Field Season Begins

Field season began this summer in mid June. While my specific task was to collect shrimp samples, I worked under the supervision of a bigger group. The large scale project of the summer was led by several VIMS faculty and Dr. Chambers who were awarded a grant to study living shorelines and natural marshes in local waterways. For months in advance, they looked for sites in Norfolk and Gloucester with ideal conditions where we could compare different types of shorelines. Measuring numerous aspects of the habitats at hand, such as species diversity and abundance, would hopefully provide insight into which type of shoreline was more environmentally successful. I’ll explain what we were specifically look for in later blog posts, because for several weeks the most important part of the project was data collection. I’ll now do my best to detail what a typical day in the field looked like this summer.

Field days started anywhere between 7:30 and 9:00 AM, largely depending on the location of the site and the tides.
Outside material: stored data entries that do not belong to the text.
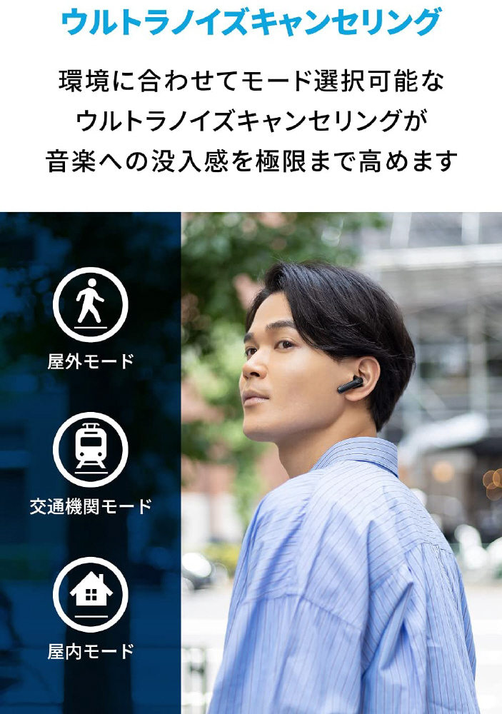 Soundcore Life P3は、ノイズリダクション機能を搭載した6つのマイク(各イヤホンに3つ)により、WEB会議や電話の相手にあなたの音声をよりクリアに伝えます。※イヤホンを下記環境で使用した場合、途切れや音飛びの原因となるためご注意ください。・地下道や駅構内などのWi-Fiルーターが密集する場所での使用・満員電車など人やBluetooth機器が密集する場所での使用・金属や電波遮断素材が使用されたバッグやスマートフォンケースの使用
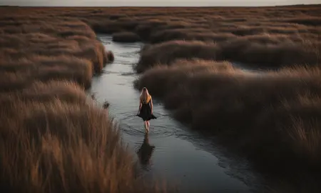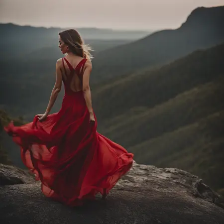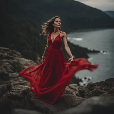 a woman standing under a cloudy blue sky with her hair blowing in the wind
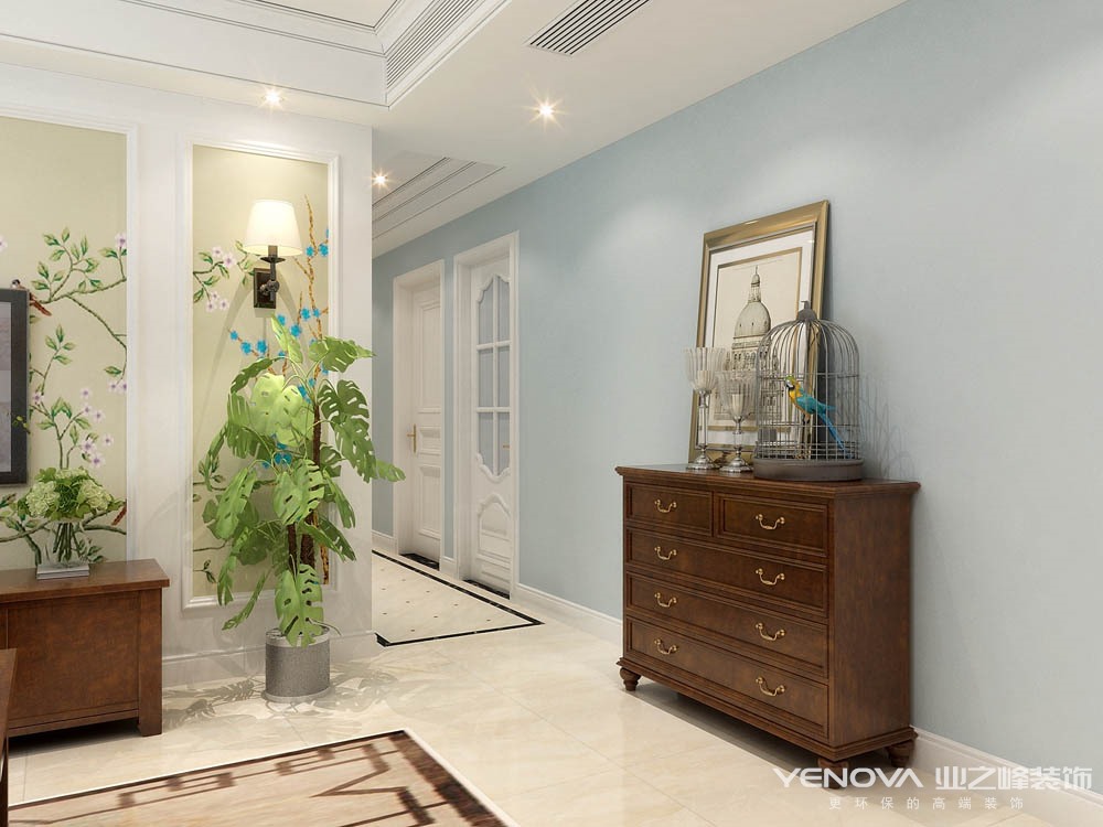 本案的设计风格现代美式,力求表现悠闲,舒适的生活氛围。精美美式风格反映出了屋主人的心情,豪放不羁,安闲洒脱。现代美式风格更是将这个特点发挥到很好,全体计划空间简练明快,色彩光鲜。比方,用很多的石材和木饰面装饰,以木质自身的色彩为主,所谓的“原木色”,使得现代美式风格有着一种天然闲适之感。然后,在原木色的古典风仪中,将自个的共同风格和现代精力联络起来,全部空间呈现出多姿多彩,简练明快的样貌。当然,在现代美式风格的家居装饰,软装饰也不能疏忽,恰到其处的装饰,着实是加分之举。
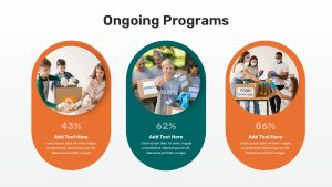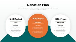 Detail your donation tiers with the three-circle “Donation Plan” slide—complete with basic, standard, and advanced giving options—then illustrate ongoing programs with percentage callouts atop color-blocked ovals. Map your global outreach on the dotted world map slide, and introduce your volunteer team using circular headshots under a curved header. Include a full-screen quote slide for testimonials and close with a heartfelt “Thank You” photo layout.
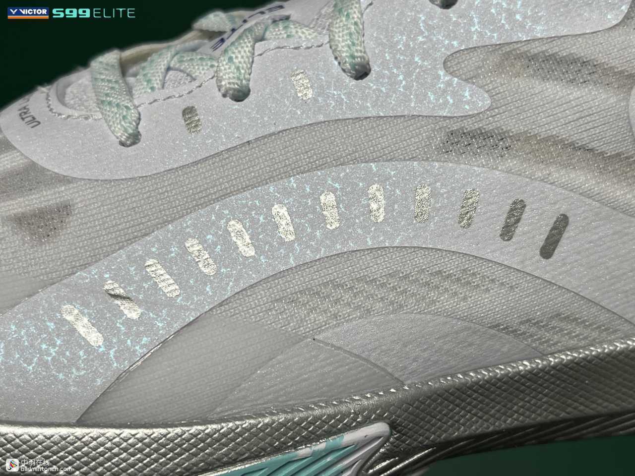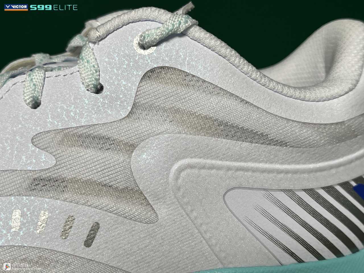 细看之下,S99 ELITE的鞋面并非单调的纯白色,在非网布的部分,用手触摸能够感受到一种磨砂质感,在光照下其上的纹理也会泛着湖蓝色的光,有一种高级感。
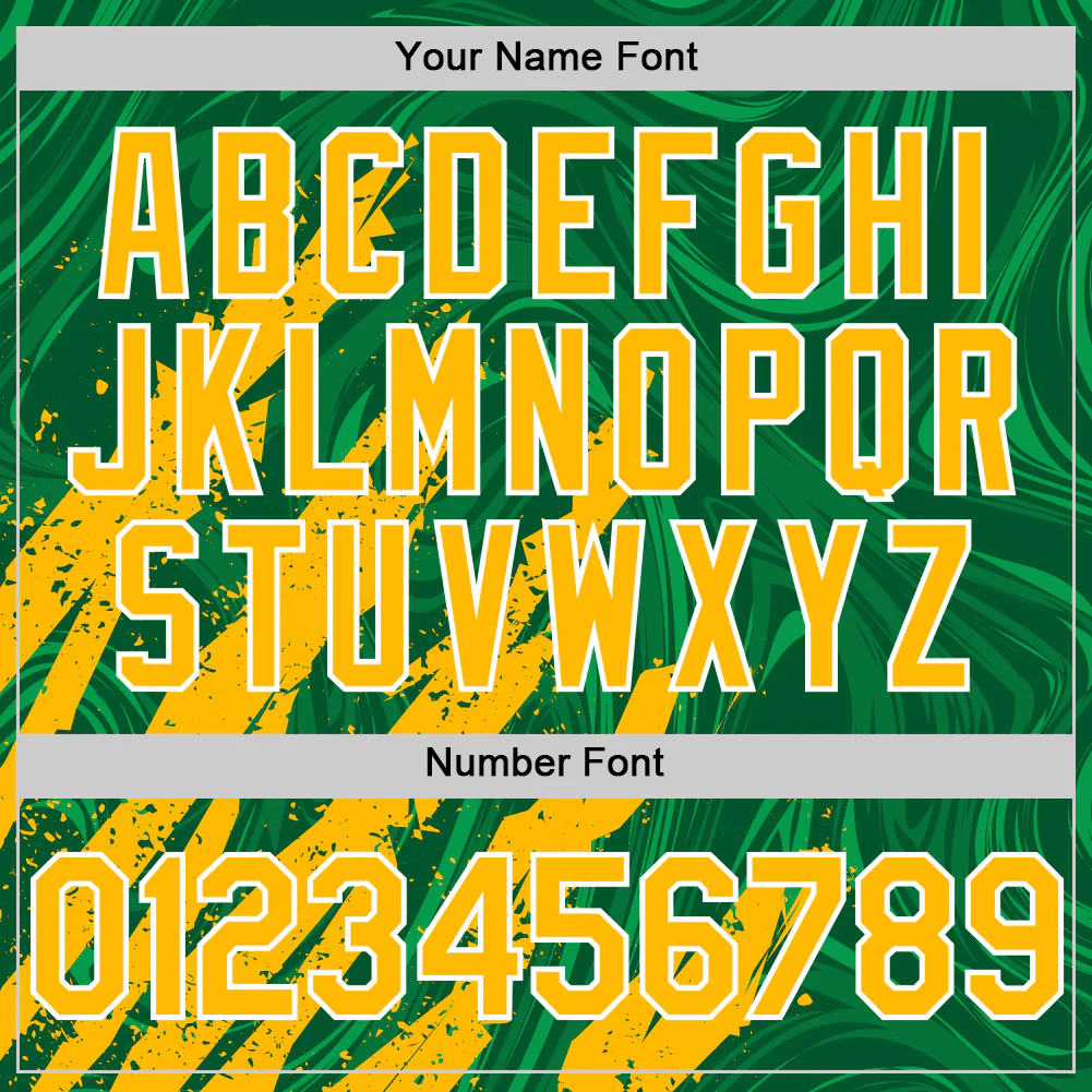 Custom Kelly Green Gold-White Splash 3D Pattern Design Bomber Full-Snap Varsity Letterman Hoodie Jacket

The first step of the day was to set up fyke nets at high tide. These nets are arranged to span a portion of the shoreline which will drain into a collection compartment as the tide goes down. When the water is low enough, the net contains the fish, shrimp, crabs, etc that were present in that portion of shoreline at high tide. Upon arriving to the site, we also set up minnow pots in the high and low marsh. These pots (similarly to the fyke nets) would also collect fish present in the marsh at high tide as the water levels drained, but they were only about a foot long where the fyke nets were around 30 meters long. Each site had two different shorelines, and each shoreline had two fyke nets and ten minnow pots.

After the fyke nets and minnow pots were set, we had to wait for the tide to recede. In the meantime, Dr. Chambers and Dave from VIMS would use a seine net to collect more animals from the water. They would seine three times at both designated shorelines for a total of six collections. At low tide, we would have samples from four fyke nets, twenty minnow pots, and six seines. Each sample was emptied into a container to keep them separate. And then we began collecting data.
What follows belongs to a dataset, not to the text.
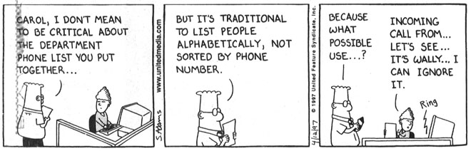 Unaccountably, the company that Carol and Dilbert and Wally work for has grown to 100,000 employees. Suppose your job is to take the standard, alphabetical company phone book and convert it into Carol's handy form, and then provide an algorithm that she or her computer could use to quickly look up the name corresponding to the incoming phone number. How would you do this? You can use an array N for the names and an array T for the telephone numbers, so that, e.g., if N[957] contained "Wally" then T[957] would contain Wally's phone number. (Careful: the number 957 is nobody's phone number--it's just the index into the two arrays.)
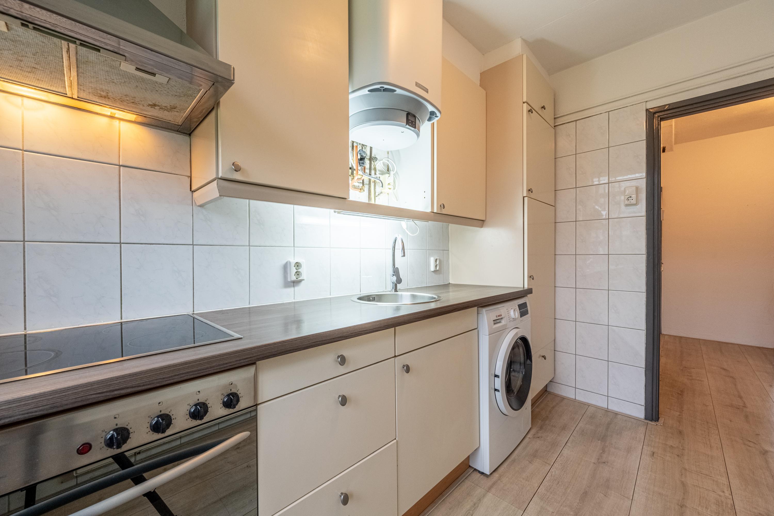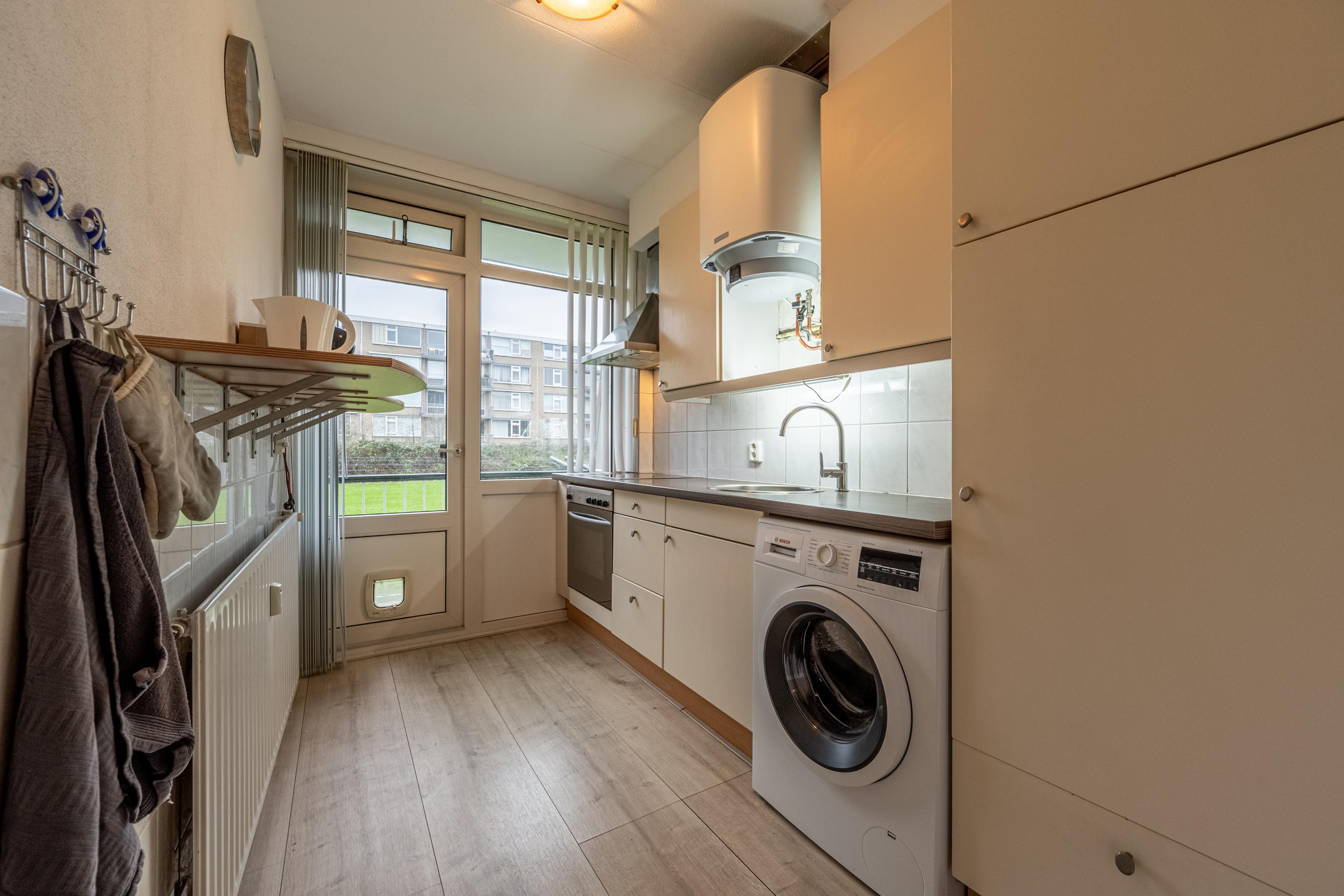De keuken is uitgevoerd in een enkele wandopstelling en voorzien van een inductiekookplaat, afzuigkap, oven, koelkast en een aansluiting voor de wasmachine. Vanuit de keuken is er toegang tot het balkon, gelegen op het noorden.

From each sample taken, we would separate the animals by species. For each species per sample we would count and weight all the individuals and measure up to 25 of them using fish boards. Often from one fyke or seine net, there would be around 10 species of fish/shrimp/crab which all had to be counted, weighed, and measured. This process took focus, attention to detail, and a loud voice to shout out how many centimeters and grams your fish was so that Donna, who wrote down all the data, could hear you.

Although I spent the majority of sampling days helping count and measure, my specific job was to keep track of all the shrimp. We collected the majority of the shrimp from the fyke nets. We would separate them from the rest of the samples to count and weigh them. There were often hundreds of shrimp collected, and I had lots of help counting and weighing from Adrianna, the research assistant in the Keck Lab. If there were a reasonable amount of shrimp (around 100), I would put all of them into jars of ethanol to fix them for further data collection at the lab. If there were hundreds of shrimp, I would put a random handful into the ethanol jars.

That is what a field day looked like this summer! After all the collection and counting was done, we would pack up and leave a site as we found it, but maybe with fewer shrimp.